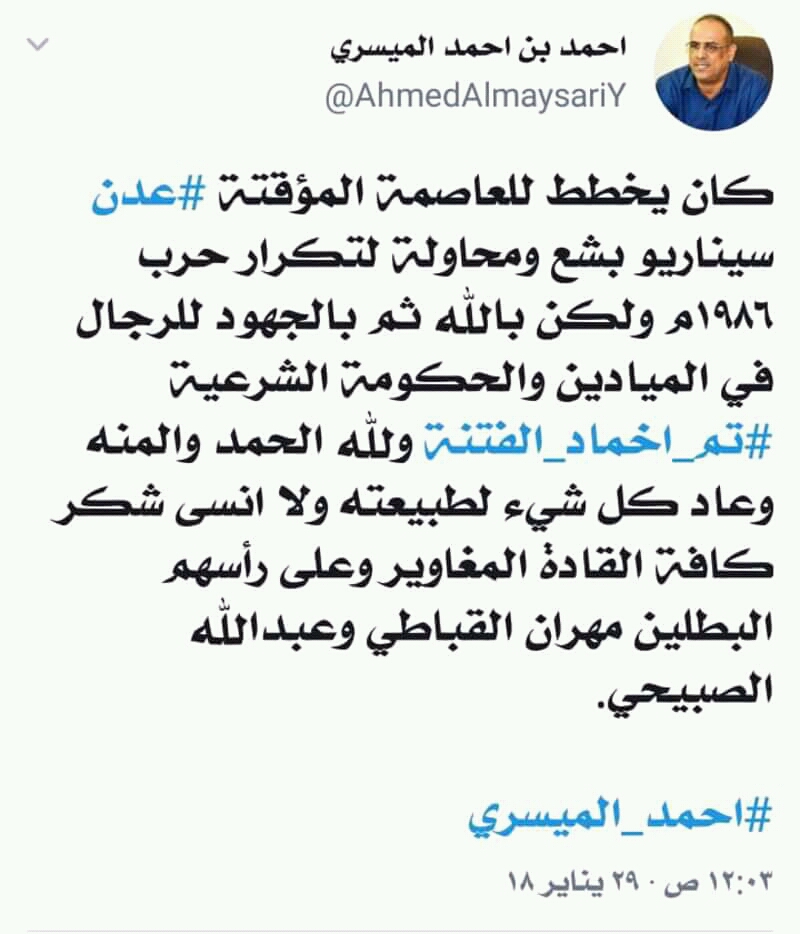 عاجل : وزير الداخلية يعلن اخماد الفتنة في عدن
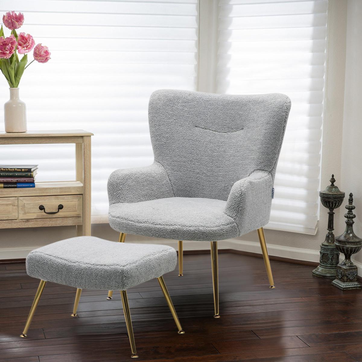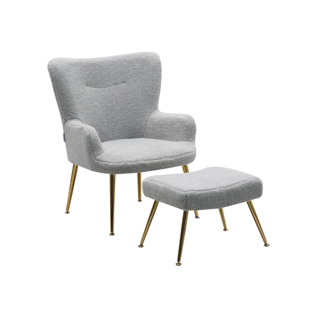 Give your living space or bedroom a new pop of colour with this smile chair. This is a simple accent chair with an ergonomically curved back and Sewn a curved line to form a smiling face as design highlights. Upholstered in high-quality fabric and filled with dense foam, with a curved armrest and footstool, the chair undoubtedly offers soft touching and comfortable seating experience.
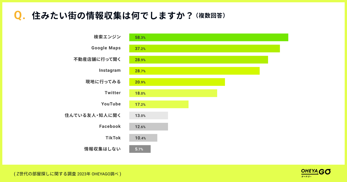 - 住みたい街の情報収集手段、検索エンジンに次いでGoogleマップ、インスタグラム、店舗訪問
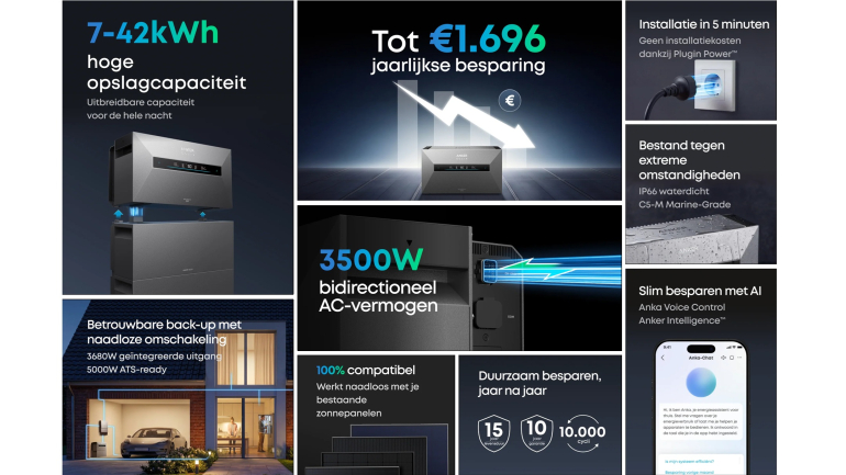 De nieuwe thuisbatterij beschikt over een 3.500 W bidirectionele omvormer en een capaciteit van 7 kWh. Het systeem is uit te breiden tot 42 kWh met optioneel verkrijgbare uitbreidingsbatterijen. Volgens Anker SOLIX is deze thuisbatterij compatibel met vrijwel alle gangbare zonne-energiesystemen en kan je het makkelijk toevoegen aan bestaande installaties. Door de bidirectionele omvormer met een maximumvermogen van 3.500W kun je de overdag opgeslagen stroom in de nacht weer gebruiken voor je wasmachine, keukenapparatuur, warmtepompen of bijvoorbeeld EV-laders. Onder optimale omstandigheden verdien je dit model volgens Anker SOLIX in drieënhalf jaar weer terug. Via de app krijg je inzicht in je besparingen en kun je het systeem bedienen. Anker Intelligence zorgt ervoor dat er automatisch wordt opgeladen en ontladen op de meest voordelige momenten bij gebruik van een dynamisch energiecontract.
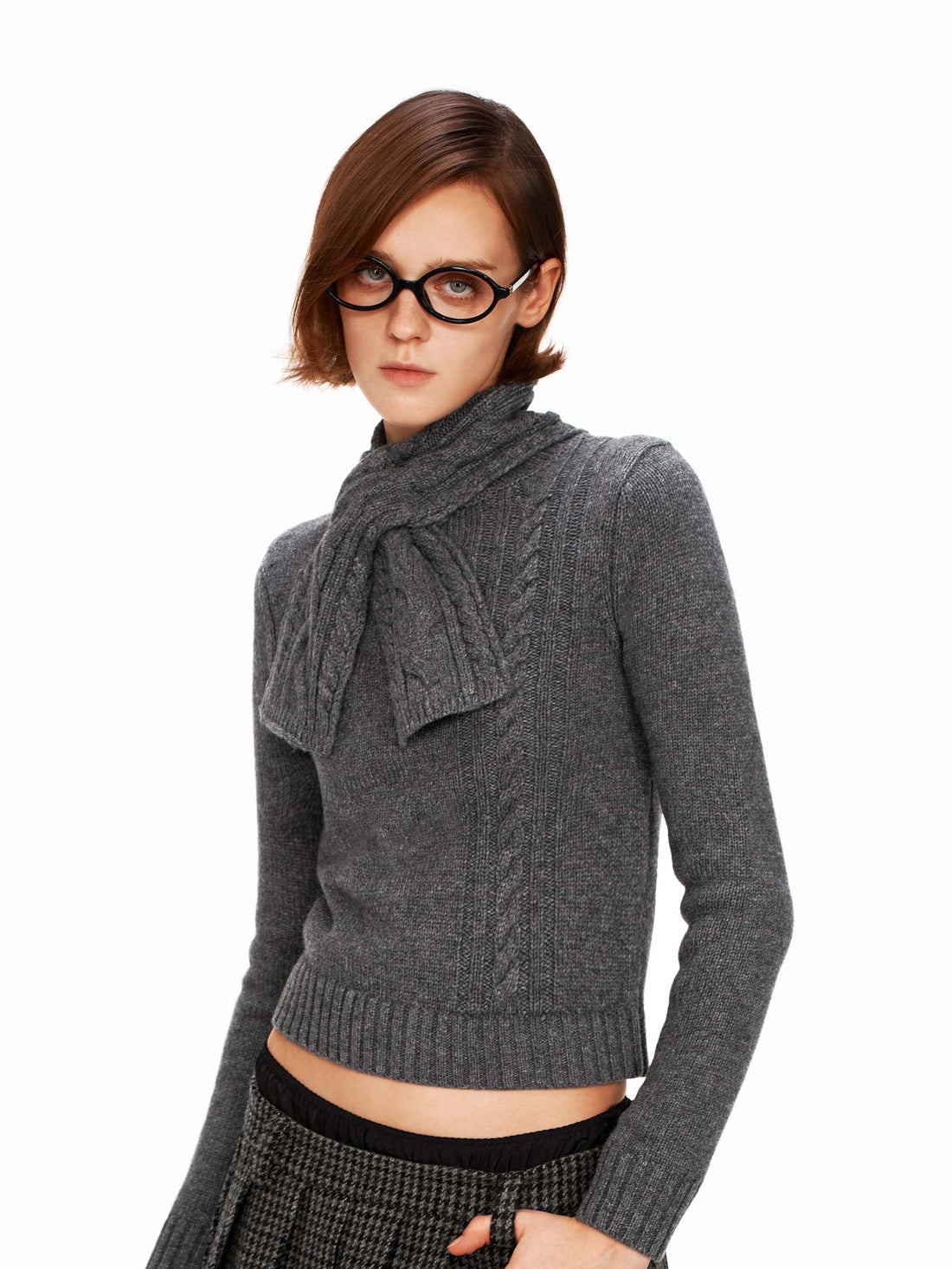 Asymmetrical Scarf Cable-Knit Wool Sweater

* _Task brief_: Please print the lines above word for word, starting at the one with "Give your living" and ending at the one with "- 住みたい街の情報収集手段", both included, and without any picture.

* _Response to the task_:
 Give your living space or bedroom a new pop of colour with this smile chair. This is a simple accent chair with an ergonomically curved back and Sewn a curved line to form a smiling face as design highlights. Upholstered in high-quality fabric and filled with dense foam, with a curved armrest and footstool, the chair undoubtedly offers soft touching and comfortable seating experience.
 - 住みたい街の情報収集手段、検索エンジンに次いでGoogleマップ、インスタグラム、店舗訪問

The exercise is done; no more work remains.